(542 P.2d 382)
No. 26713Supreme Court of Colorado.
Decided November 17, 1975.
Appeal by paternal aunt from an order of district court which denied writ of habeas corpus and granted custody of child to child’s natural mother.
Affirmed
1. HABEAS CORPUS — Custody — Hearing — Trial Court — Determination — Child’s Interest. In combined hearing on custody action and habeas corpus proceeding, trial court is not limited to an inquiry into the legal right by which the child is held, but must determine the broad question of what will best serve the child’s interest.
2. COURTS — Jurisdiction — Custody Order — Oklahoma — Aunt — Temporary — Father and Mother — Domicile — Colorado — Custody — Mother — Proper. Where Oklahoma court granted temporary custody of two-year-old child to paternal aunt, who was a resident of Montana, at time when residence of parties was premised solely on a military assignment, and where both father and mother had returned to site of their domicile, namely, Denver, Colorado, and also, child’s natural father, mother, and grandparents were all residents of Colorado and had significant connections to Colorado, held, under these circumstances, Oklahoma had no continuing jurisdiction since custody order was temporary in nature and parties had relinquished all ties to Oklahoma; hence, ruling of trial court, which denied writ of habeas corpus and granted custody of child to child’s natural mother, was proper.
3. PARENT AND CHILD — Custody — Change of Circumstances — Best Interest — Natural Mother. In habeas corpus proceeding pertaining to custody of child, record establishes a change of circumstances and supports trial court’s determination that child’s best interest is served by placing custody in the natural mother.
Appeal from the District Court of the City and County of Denver, Honorable Robert T. Kingsley, Judge.
Robert W. Caddes, for petitioner-appellant.
Michael C. Schaefer, for respondent-appellee.
Page 512
En Banc.
MR. JUSTICE ERICKSON delivered the opinion of the Court.
This custody case was first before us in an original proceeding. In the Matter of the Application of Jean Nelson on Behalf of Michael John Schweitzer, a Minor v. District Court in and for the Second Judicial District; Honorable Robert T. Kingsley, One of the Judges, 186 Colo. 381, 527 P.2d 811 (1974). We remanded the case to the trial court to hear the habeas corpus petition without delay and to resolve the custody issue at the same time.
The trial court resolved both issues and entered an order granting custody of Michael John Schweitzer, a two-year-old boy, to the mother, Denise Schweitzer. The custody award is challenged on this appeal. In addition, the appellant contends that the habeas corpus petition was improperly dismissed. We affirm.
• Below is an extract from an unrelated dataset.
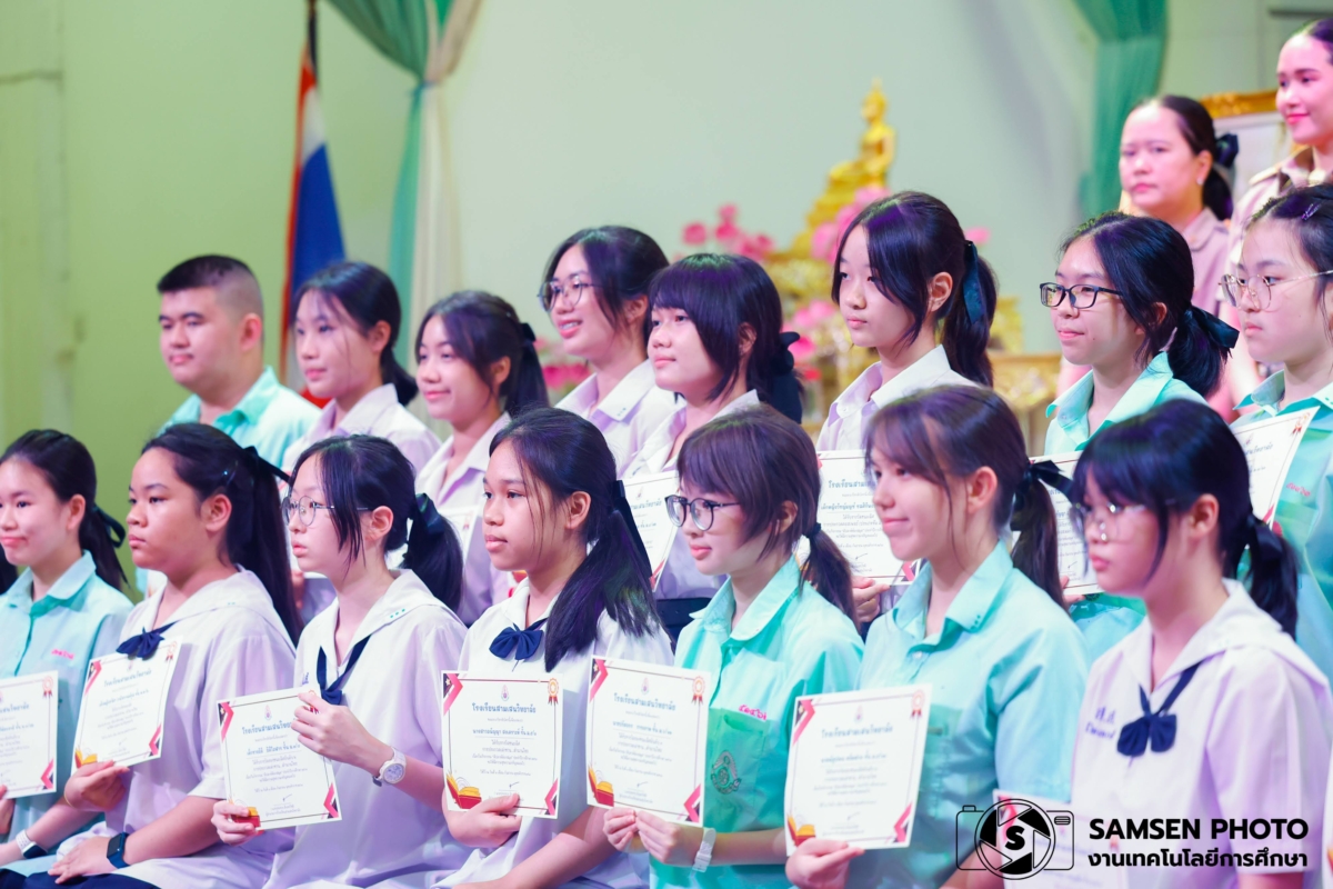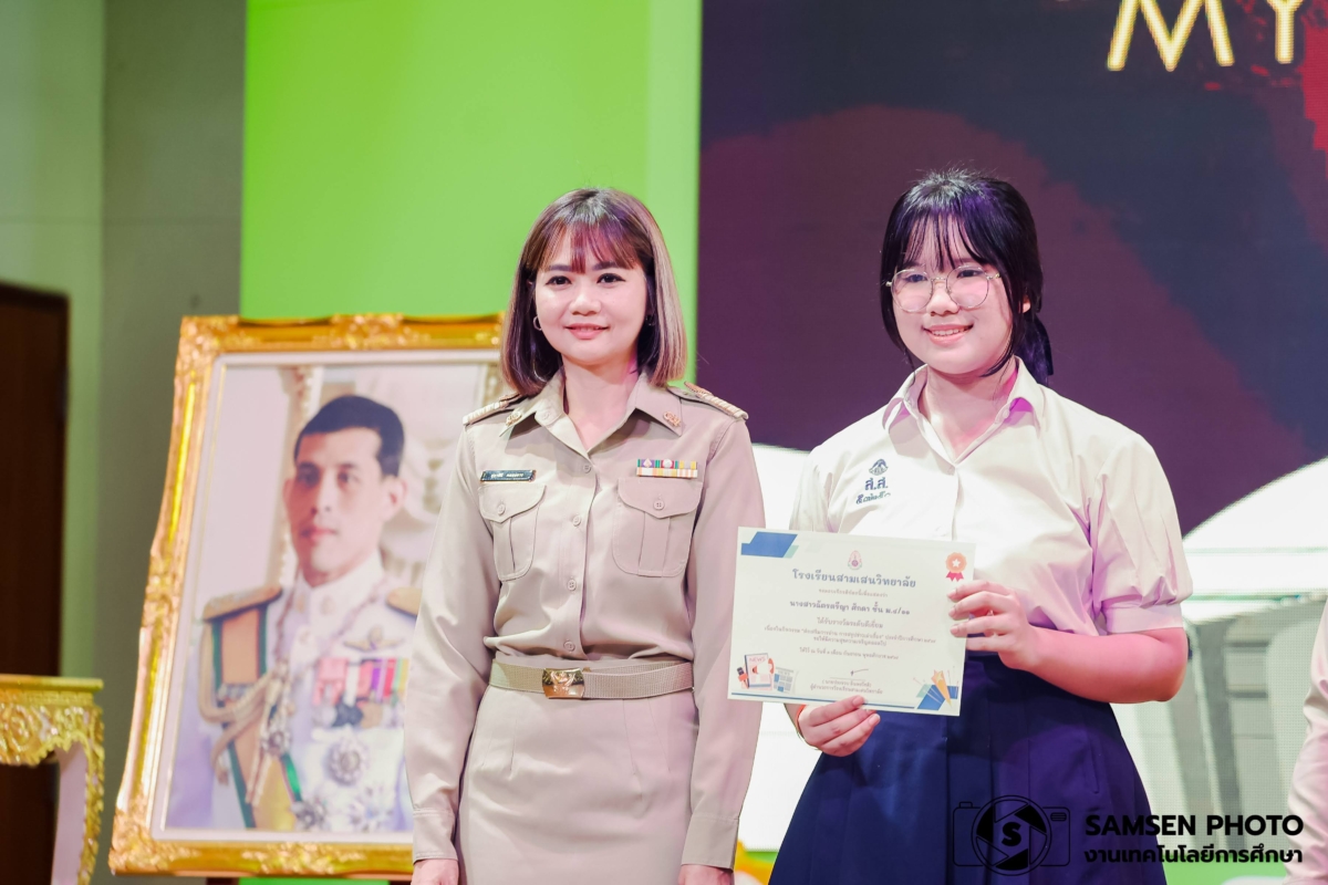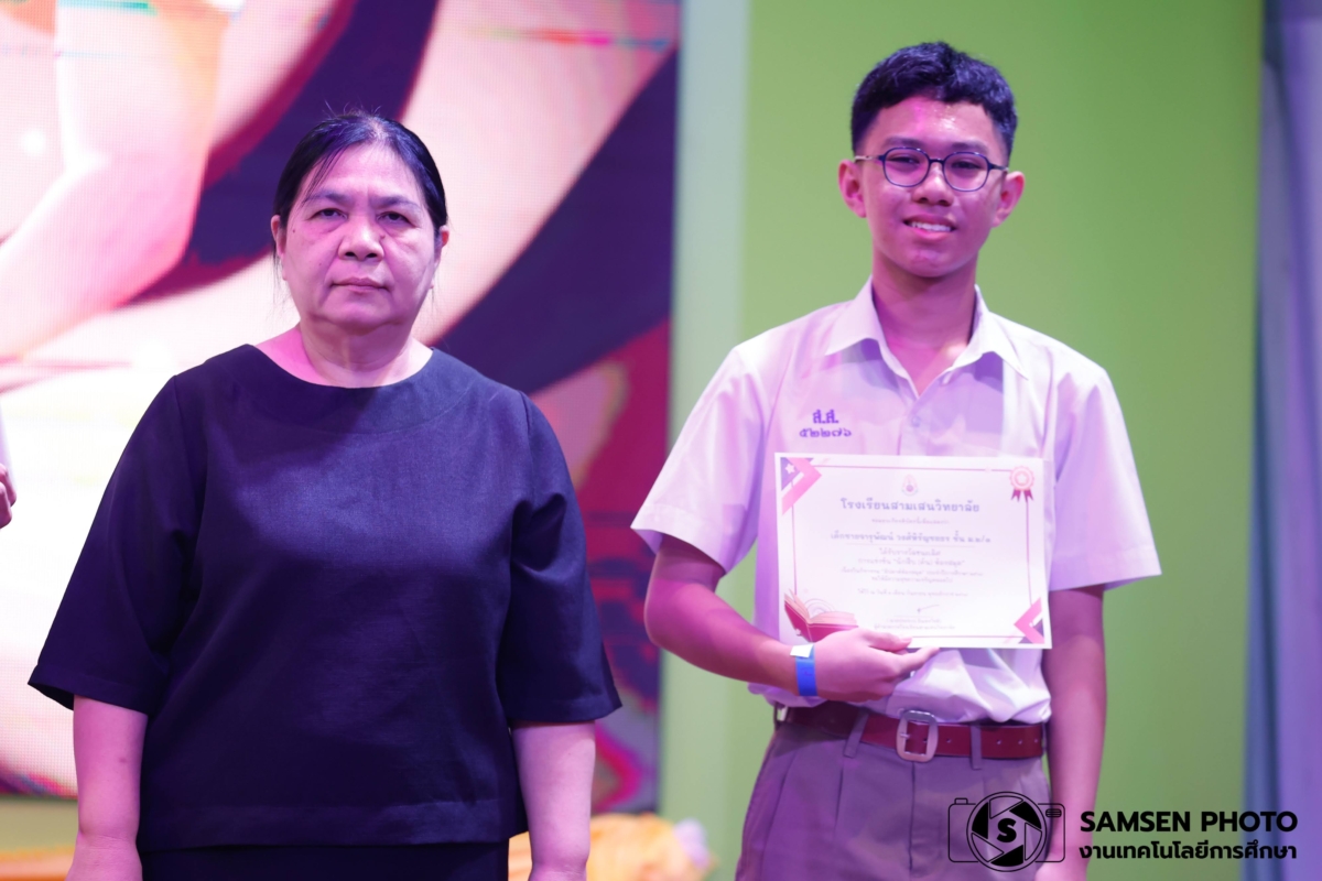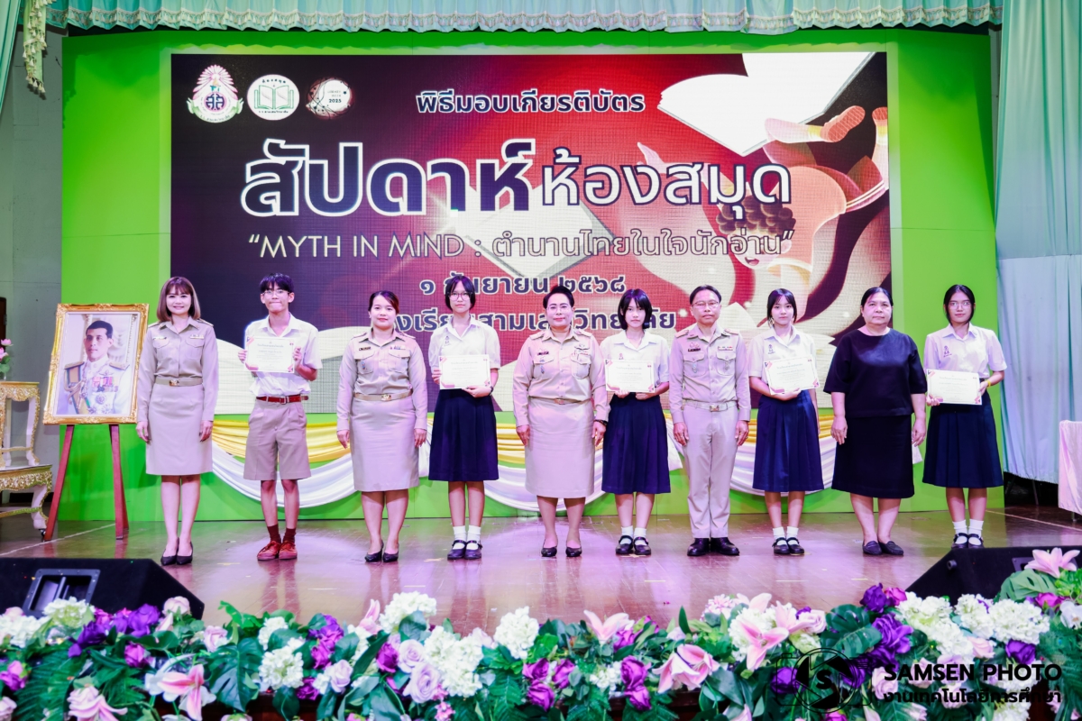 งานพัฒนาแหล่งเรียนรู้ กลุ่มบริหารวิชาการ จัดพิธีมอบเกียรติบัตรแก่นักเรียนที่เข้าร่วมการแข่งขันกิจกรรมสัปดาห์ห้องสมุด “Myth in Mind : ตำนานไทยในใจนักอ่าน” ปีการศึกษา 2568 ประกอบด้วยกิจกรรมที่คั่นหนังสื่อสื่อความรู้ กิจกรรมสรุปข่าวเล่าเรื่อง กิจกรรมออกแบบมาสคอตห้องสมุด กิจกรรมประกวดคอสเพลย์ กิจกรรมเล่าขานตำนานไทย กิจกรรมนักสืบค้นห้องสมุด และกิจกรรมหนังสือเล่มเล็ก โดย นางสาวจินต์จุฑา พรหมรักษ์ รองผู้อำนวยการโรงเรียนสามเสนวิทยาลัย พร้อมด้วยคณะผู้บริหารและครูร่วมมอบรางวัลแก่นักเรียน ณ หอประชุมอาคารอาคารอเนกประสงค์ ในวันจันทร์ที่ 1 กันยายน พ.ศ. 2568 เวลา 07.40 น.

[1] On remand, the trial court, in accordance with our instructions, called for a combined hearing on the custody action and the habeas corpus proceeding without undue delay. As we stated in our previous opinion: ” ‘[T]he court is by no means limited to an inquiry into the legal right by which the child is held, but must determine the broad question of what will best serve the child’s interest.’ ” In re Jean Nelson v. District Court, supra.
[2] We have previously affirmed the propriety of the trial court’s jurisdiction in this custody proceeding. The trial court, on remand, has ruled that custody should be awarded to the child’s natural mother. Evidence appears in the record to support the trial court’s determination. Oklahoma, which originally granted temporary custody to the petitioner, a paternal aunt, has lost jurisdiction in this case, since the residence of the parties was premised solely on a military assignment, and both the father and the mother have returned to the site of their domicile — Denver, Colorado. The child’s natural father, mother, and grandparents are all residents of Colorado and have significant connections to Colorado. Oklahoma has no continuing jurisdiction, since the custody order was temporary in nature, and the parties have relinquished all ties to Oklahoma. The petitioner, who seeks custody, is a resident of the State of Montana.
[3] These facts, as well as others in the record, establish a change of circumstances and support the trial court’s determination that the child’s best interest is served by placing custody in the natural mother. This award and decision was in keeping with the Uniform Child Custody Jurisdiction Act (Colo. Sess. Laws 1973, ch. 163, 46-6-1 et seq.).
Accordingly, we affirm.
Page 513
MR. CHIEF JUSTICE PRINGLE does not participate.